Virtues/Vices/Great Ideas: (Find them in the Text)
Community, Family, Justice
Grammar Questions: (The Information of the Text)
According to Benedict, what factors should determine the kind of clothing the brothers in a monastery receive?
What was to be different about the clothing monks would wear when they went out “on a journey” from the monastery?
With whom should the Abbot of a monastery take his meals according to the Rule?
What were monasteries not to do concerning “newcomers to the monastic life?”
What must a newcomer who is finally received into the community “be well aware” of?
What things were new monks required to do as part of the ceremony of admittance into the community?
What are ordained priests who are admitted to the community of the monastery allowed to do which regular brothers are not?
What should the status of “ordained priest” not have any effect upon in the life of the monastery?
What benefit did Benedict say could come from having a visiting monk stay with them?

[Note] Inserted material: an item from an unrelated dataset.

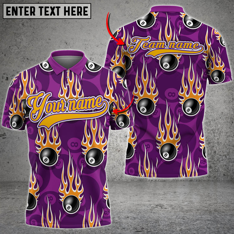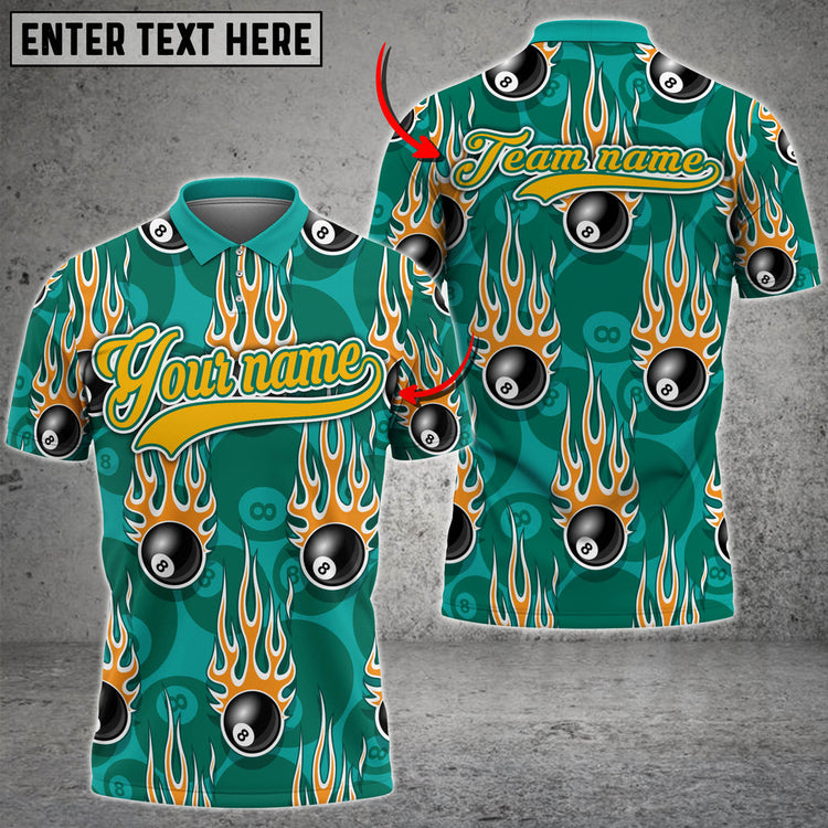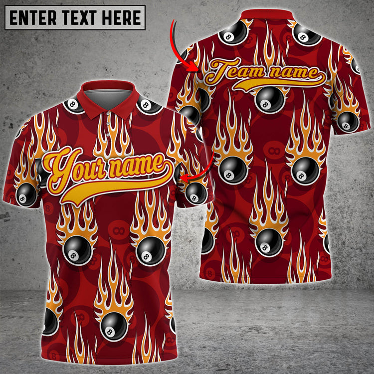 Billiards Ball 8 Shower Multicolor Options Personalized Name 3D Polo Shirt, Billiard Fire Shirt

What three things play into what rank a monk holds in a benedictine monastery?
Logic Questions: (Interpreting, Comparing/Contrasting, Reasoning)
Why was the renunciation of private ownership so crucial to the rule of a Benedictine monastery?
Why were monks who were artisans supposed to set the prices for their work “a little lower than people outside the monastery [were] able to set it?”
Why did Benedict insist that the process of joining the monastery should take about a year and provide the initiate with numerous chances to back out?
Why might “a member of the nobility” offer his son to the monastery?
Why might a poor family offer their son to the monastery?
What is the difference between a regular monk and an ordained Priest?
Why might the Abbot, in some cases, set a visiting monk (who decides to become a permanent member of the monastery) higher in rank than those who entered before him?
Why should age not be a determining factor in the rankings of a monastery according to Benedict?
Rhetoric Questions: (The Analysis of Ideas in the Text)
The Rule states that “In order that the vice of private ownership may be completely uprooted, the abbot is to provide all things necessary.” Was Benedict right to call “private ownership” a vice? Why or why not?
When a brother was admitted into the monastery part of the finalization of this was a signed contract placed upon the altar. What is a contract? How should we define that concept? What are some different examples of contractual relationships? Why is it significant that contracts are typically signed by one or more parties? What sort of situations call for a contract to be made? When should one not enter into a contractual relationship? Should there always be penalties associated with the breaking of a contract? Why or why not?
Theological Analysis: (Sola Scriptura)
Read Acts 5:1-11. What specifically was the “fraud” which Ananias and Saphira committed?
How would you relate Proverbs 27:17 to what Benedict says about visiting monks in Ch. 61?
Read 1 Samuel 1. Why did Hannah commit Samuel to the temple? How might this inform your thinking about why some families may have given their sons to Benedictine monasteries?